Conpresently with the tender offer, the Company kind of is also soliciting consents from holders of the Series B Preferred Shares to amend (the "Series B Preferred Amendment") the certificate of desigcountry of the Series B Preferred Shares (the "Certificate of Designation") from and after the efficient date of the Series B Preferred Amendment to: (i) cease any kind of duty to pay dividends on Series B Preferred Shares (various other than the payment of accrued dividends in connection via a redemption or circulation of assets upon liquidation, dissolution or winding up), (ii) permit the Company type of to redeem Series B Preferred Shares throughout the 90 days complying with the date of efficiency of the Series B Preferred Amendment at the exact same redemption price per share as the tender sell (plus provision for additional accrued dividends), (iii) remove the prohibition on the declaration and also payment of dividends on junior stock of the Company type of, which consists of all shares of the Company"s capital stock defined as "Typical Stock" in the Company"s Amfinished and Restated Certificate of Incorporation, or the redemption, purchase or acquisition of such junior stock, and (iv) remove the restriction on redemption, purchase or acquisition of funding stock of the Company type of ranking on parity through the Series B Preferred Shares.

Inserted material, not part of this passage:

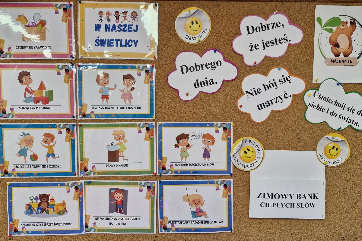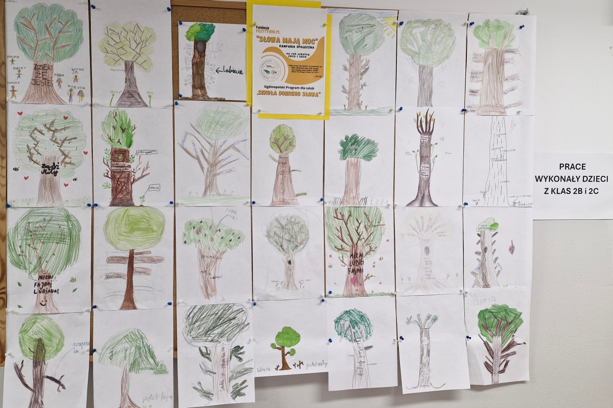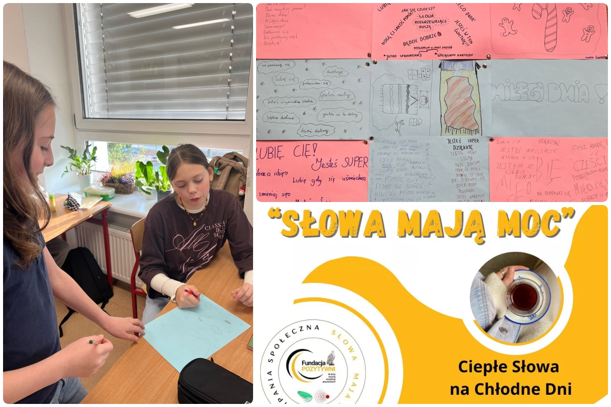 Podczas zimowych dni zadbaliśmy o ciepło, dobry nastrój. W styczniu w klasach robiliśmy pudełka z dobrymi słowami do zabrania ze sobą. Miło zacząć dzień życzliwym, dobrym słowem. Klasa 6a wykonała Kocyk Słowny z krótkimi zdaniami, które wzmacniają i dodają otuchy. W świetlicy klas starszych powstała Strefa Dobrego Słowa, a w świetlicy klas młodszych dzieci przygotowały Zimowy Bank Ciepłych Słów. Klasy drugie podczas warsztatów z rozpoznawania emocji uczyły się współpracy w grupie opartej na empatii, wzajemnym szacunku. Teraz wykonujemy Słowne Kapsuły Czasu. To działanie, w którym uczniowie zrobią mini-kapsuły słów, które otworzą wraz z powitaniem wiosny. To nie będzie zwykła kapsuła czasu, bo chodzi nam o słowa, które mają moc. Te ważne słowa będą nas wspierać, dodawać odwagi i pomogą budować koleżeńskie relacje.

Pursuant to the terms of the Certificate of Desigcountry, the consent of holders of at leastern 90% of the impressive Series B Preferred Shares is compelled to grant the Series B Preferred Amendment. As such, one of the problems to the adoption of the Series B Preferred Amendment is the receipt of the consent of holders of at least 90% of the impressive Series B Preferred Shares. If the Series B Preferred Amendment is apshowed, the Company type of currently intends to redeem all Series B Preferred Shares that remajor superior following the consummation of the tender sell at the decreased redemption price referred to in clausage (ii) over.
D.F. King & Co., Inc. is serving as information agent for the tender offer and Computershare Trust Company, N.A. is serving as the depositary for the tender offer. Once commenced, please straight all questions relating to the tender sell to the indevelopment agent, D. F. King & Co., Inc. toll-free at (800) 967-5074; banks and also brokers may contact D.F. King at (212) 269-5550, or using e-mail at centrus
The tender sell will not be contingent upon the receipt of financing or any type of minimum number of Series B Preferred Shares being tendered. However, the tender market and also consent solicitation are topic to a number of other terms and problems, which will certainly be described in detail in the market to purchase for the tender market and consent solicitation. Specific instructions and a finish explanation of the terms and conditions of the tender sell will certainly be included in the offer to purchase, the associated letter of transmittal and also various other related products, which will be mailed to stockholders of record promptly after beginning of the tender market.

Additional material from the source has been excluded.